Комплимент Котьки заставляет меня вымученно улыбнуться. Я отвожу глаза в сторону и натыкаюсь на безэмоциональный взгляд зятя. Интересно, как много успел он услышать? Обсуждали ли они с Котькой наше потенциальное воссоединение с Борисом? Наверняка… Господи, как же неловко!

– Не думаю, что из этого что-нибудь выйдет, – бормочу я, чтобы не разбивать Котькины мечты так уж сразу. Если ее греет мысль о нашем воссоединении с Борисом, если она приносит ей радость – пусть. Моей девочке сейчас, как никогда, нужны положительные эмоции.

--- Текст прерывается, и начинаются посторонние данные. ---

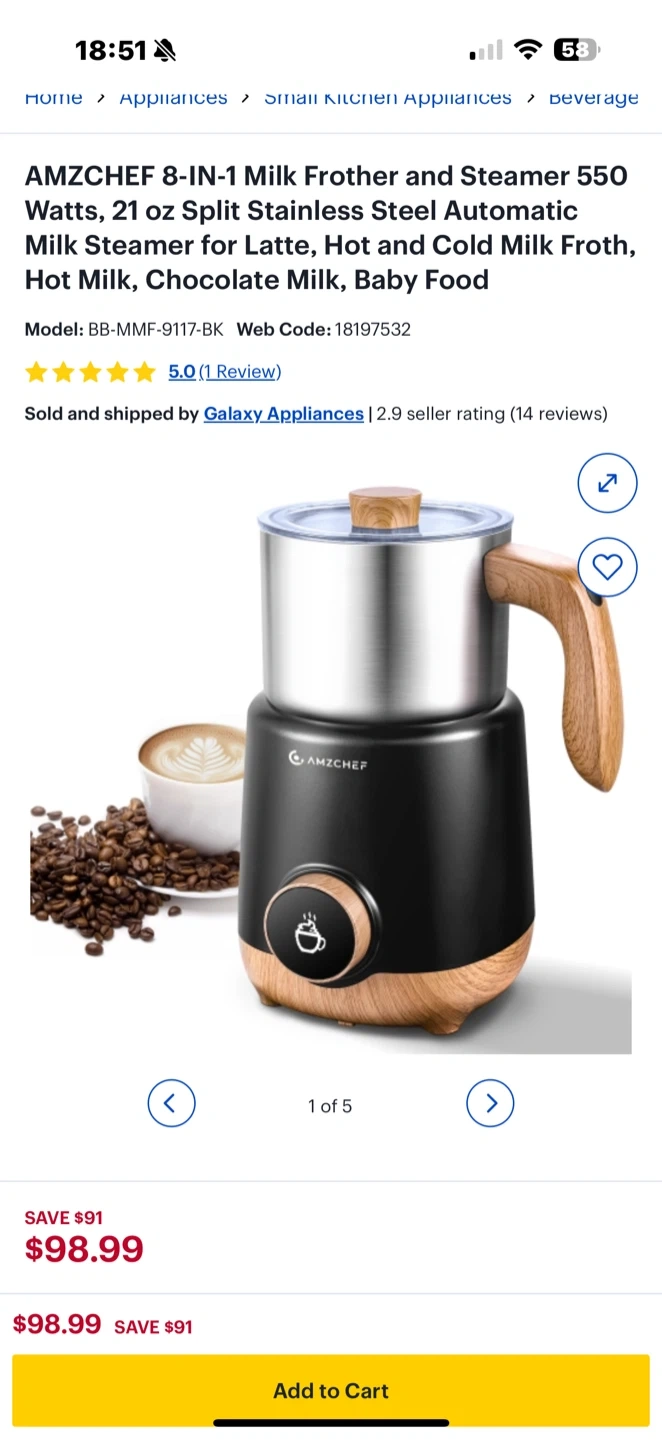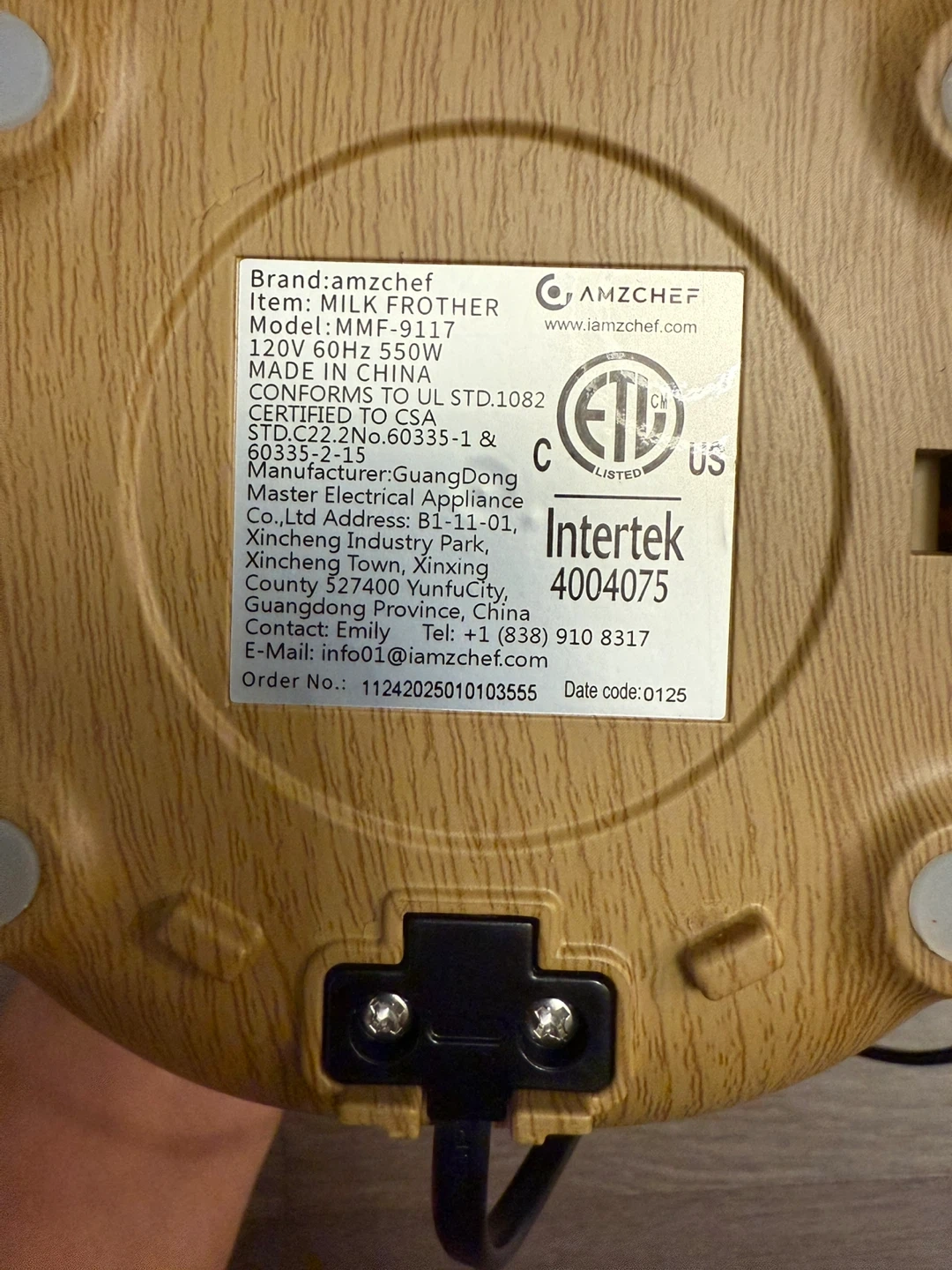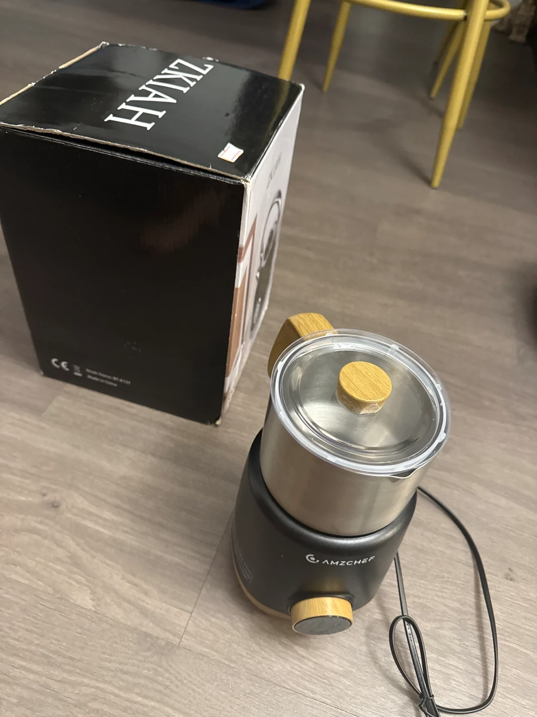 Selling an Amzchef milk frother and steamer, model MMF-9117! It's in great condition and comes with the original box. This frother is perfect for making lattes, hot chocolate, and more. It operates at 120V and 550W. No box
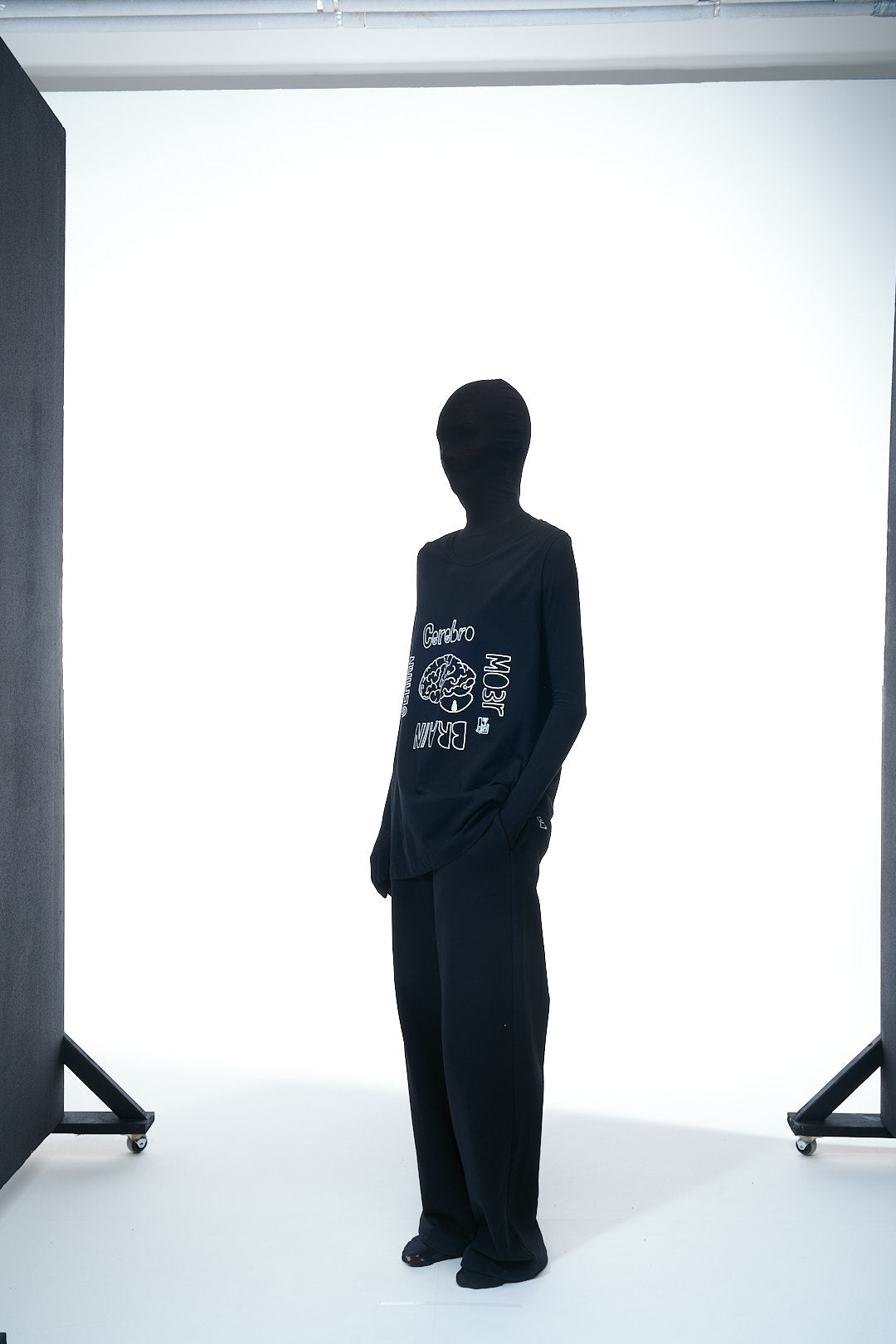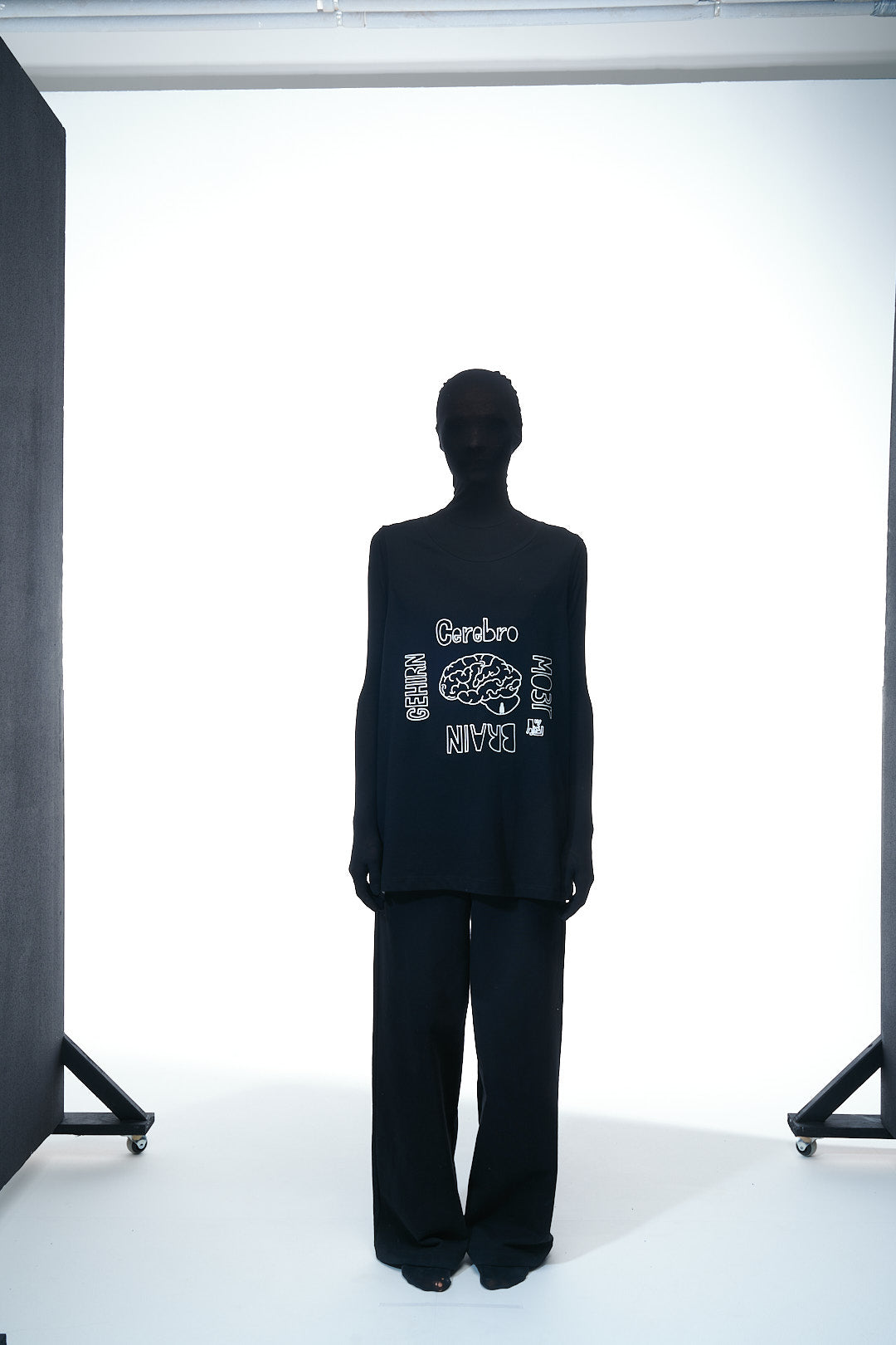 Front: Central line-art illustration of a brain, the word “brain” translated in multiple languages Conceptual reference to multilingual overload and introspective isolation.

– Мам, ну ты чего? Мы сейчас уйдем. Вы останетесь одни… Когда такое было в последний раз? До моего рождения? – брови Котьки исполняют причудливый танец. Тут и намек, и сарказм, и вызов.

– Кать, думаю, Александра Ивановна все поняла. Я правда спешу.

– Ой, прости! – Котька суетливо одевается, и совсем скоро за нею с мужем закрывается дверь. Мы остаемся в квартире вдвоем с Победным. И впрямь впервые за долгое-долгое время. Спрашивается, какого черта он решил задержаться? У меня, может, последний свободный вечер. Который я смогу провести в одиночестве. А тут он. И дождь. И чертовы воспоминания.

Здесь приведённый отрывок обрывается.